▶ _Extracted entries_:
= Beginning of Section =
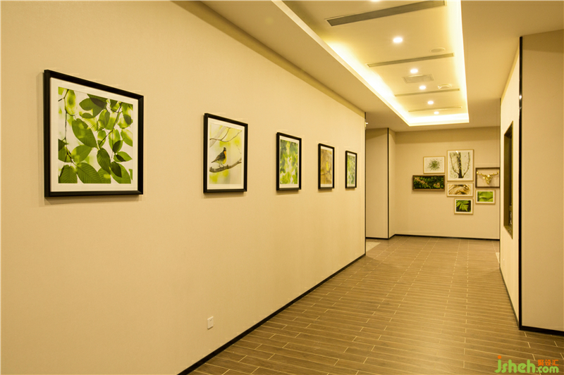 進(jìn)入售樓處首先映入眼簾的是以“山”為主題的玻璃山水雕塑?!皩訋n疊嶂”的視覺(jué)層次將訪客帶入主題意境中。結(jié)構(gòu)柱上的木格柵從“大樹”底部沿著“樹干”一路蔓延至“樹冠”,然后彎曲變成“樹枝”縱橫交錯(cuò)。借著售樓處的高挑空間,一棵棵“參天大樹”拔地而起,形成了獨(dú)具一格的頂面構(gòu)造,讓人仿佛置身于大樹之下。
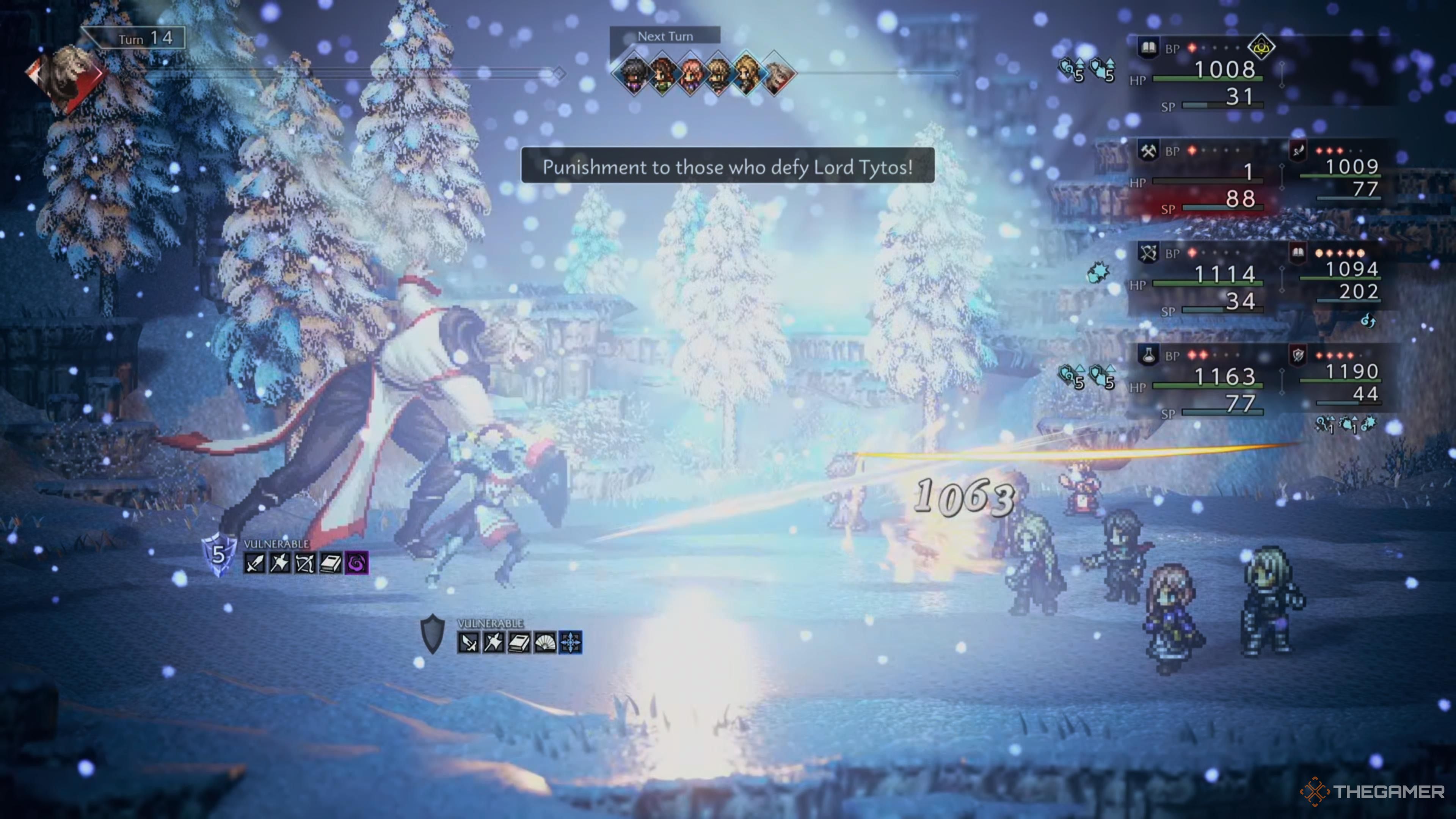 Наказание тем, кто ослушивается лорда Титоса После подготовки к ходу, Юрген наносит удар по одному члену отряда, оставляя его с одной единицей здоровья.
= End of Section =
= Beginning of Section =
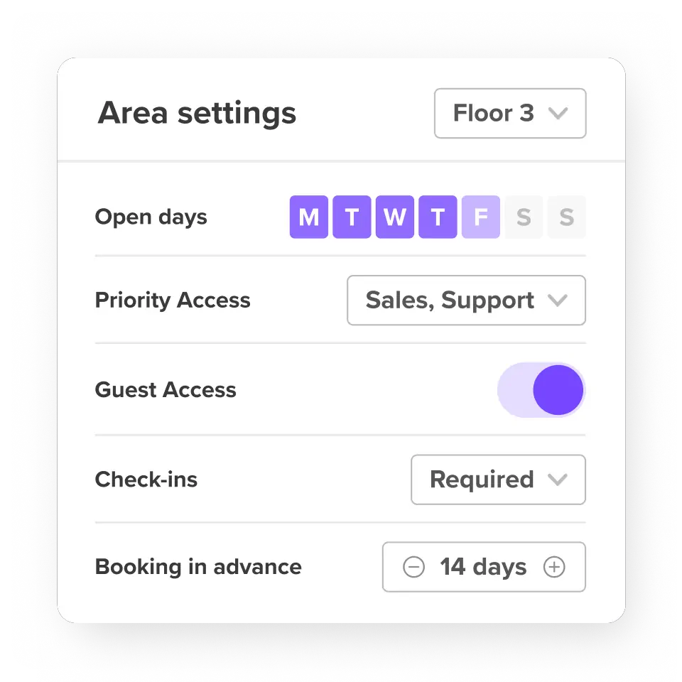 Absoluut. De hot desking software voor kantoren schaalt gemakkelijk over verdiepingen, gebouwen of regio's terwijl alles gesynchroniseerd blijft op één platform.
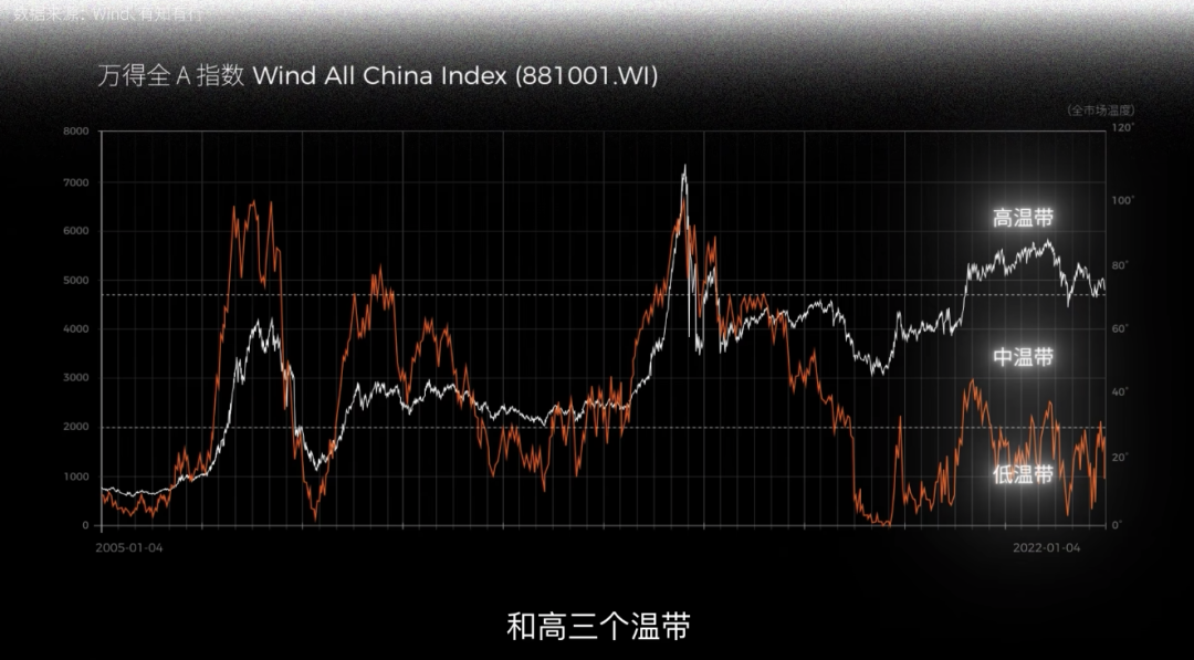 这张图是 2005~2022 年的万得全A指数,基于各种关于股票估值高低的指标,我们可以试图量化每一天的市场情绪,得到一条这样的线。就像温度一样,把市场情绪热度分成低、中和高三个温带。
= End of Section =
= Beginning of Section =
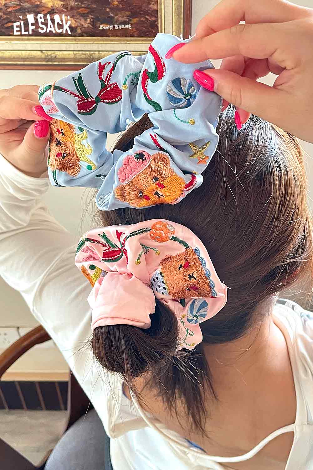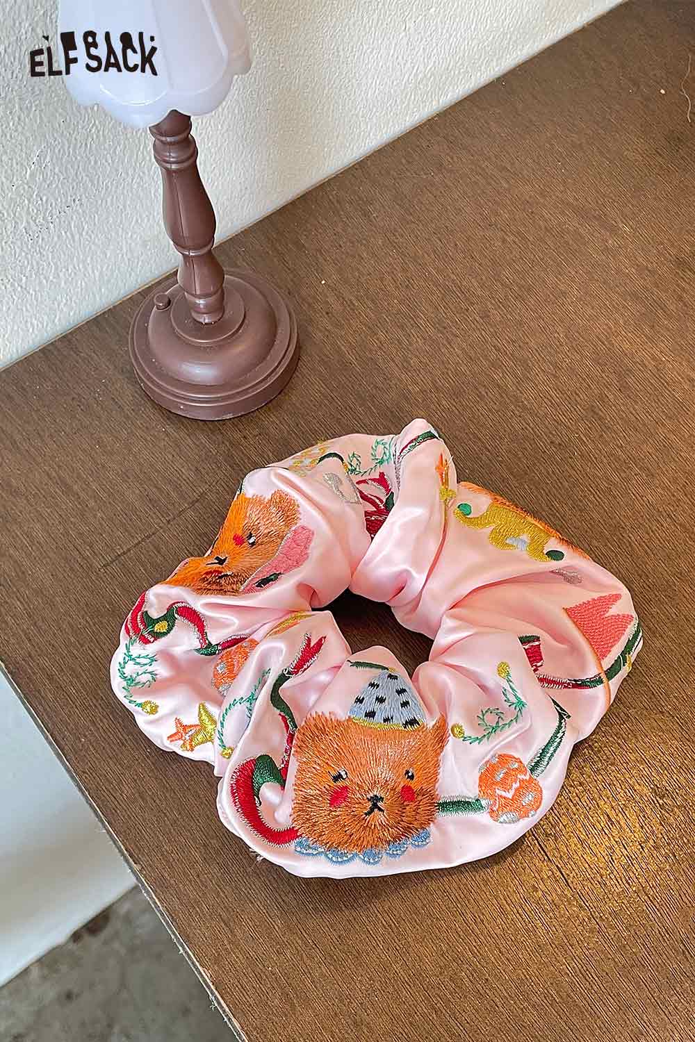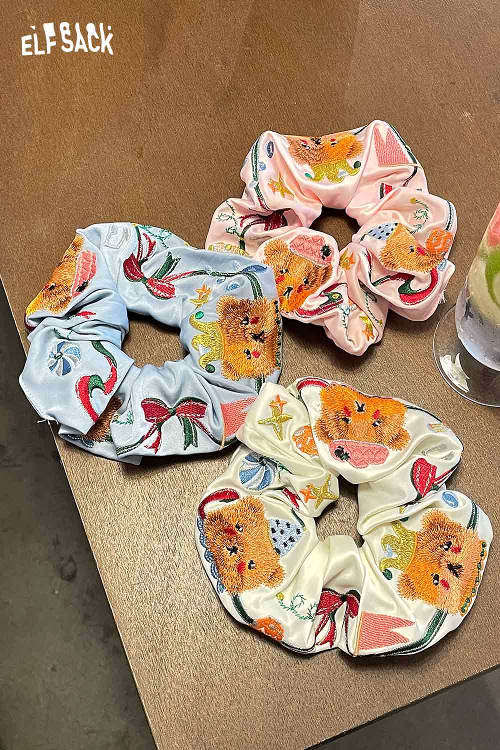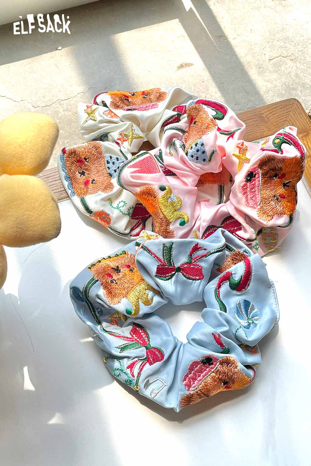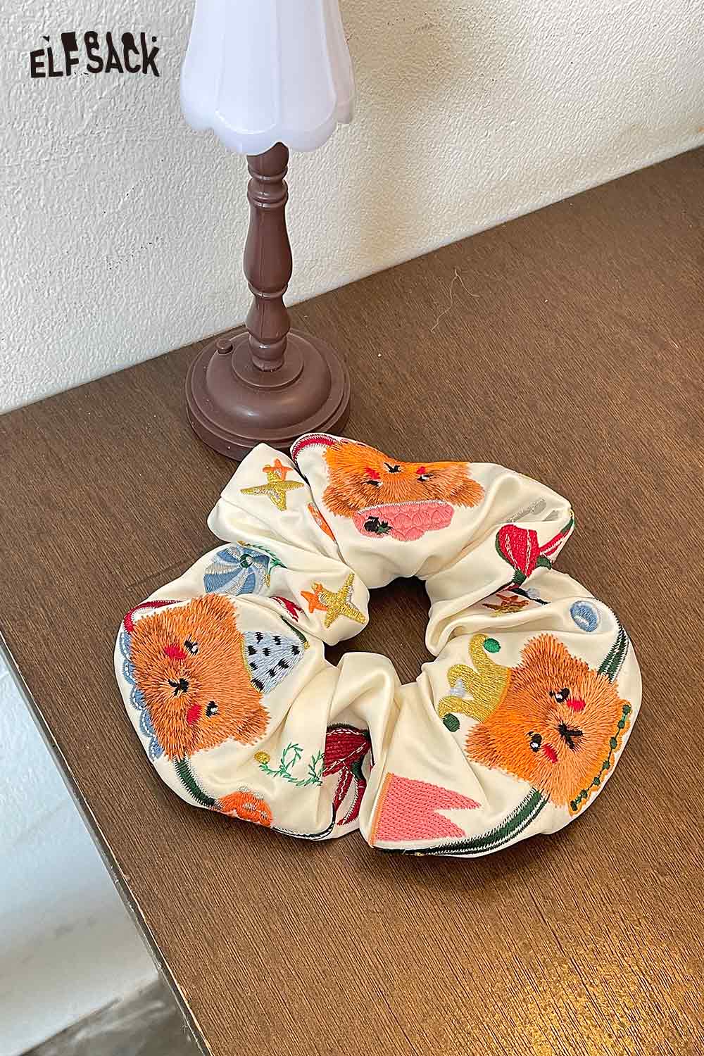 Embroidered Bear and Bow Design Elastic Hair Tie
= End of Section =
▶ _Assignment_:
Line for line, output the entries above from the line with "進(jìn)入售樓處首先映入" to the line with "Наказание тем, кто", both included, and nothing more. Skip pictures.

▶ _Written answer_:
 進(jìn)入售樓處首先映入眼簾的是以“山”為主題的玻璃山水雕塑?!皩訋n疊嶂”的視覺(jué)層次將訪客帶入主題意境中。結(jié)構(gòu)柱上的木格柵從“大樹”底部沿著“樹干”一路蔓延至“樹冠”,然后彎曲變成“樹枝”縱橫交錯(cuò)。借著售樓處的高挑空間,一棵棵“參天大樹”拔地而起,形成了獨(dú)具一格的頂面構(gòu)造,讓人仿佛置身于大樹之下。
 Наказание тем, кто ослушивается лорда Титоса После подготовки к ходу, Юрген наносит удар по одному члену отряда, оставляя его с одной единицей здоровья.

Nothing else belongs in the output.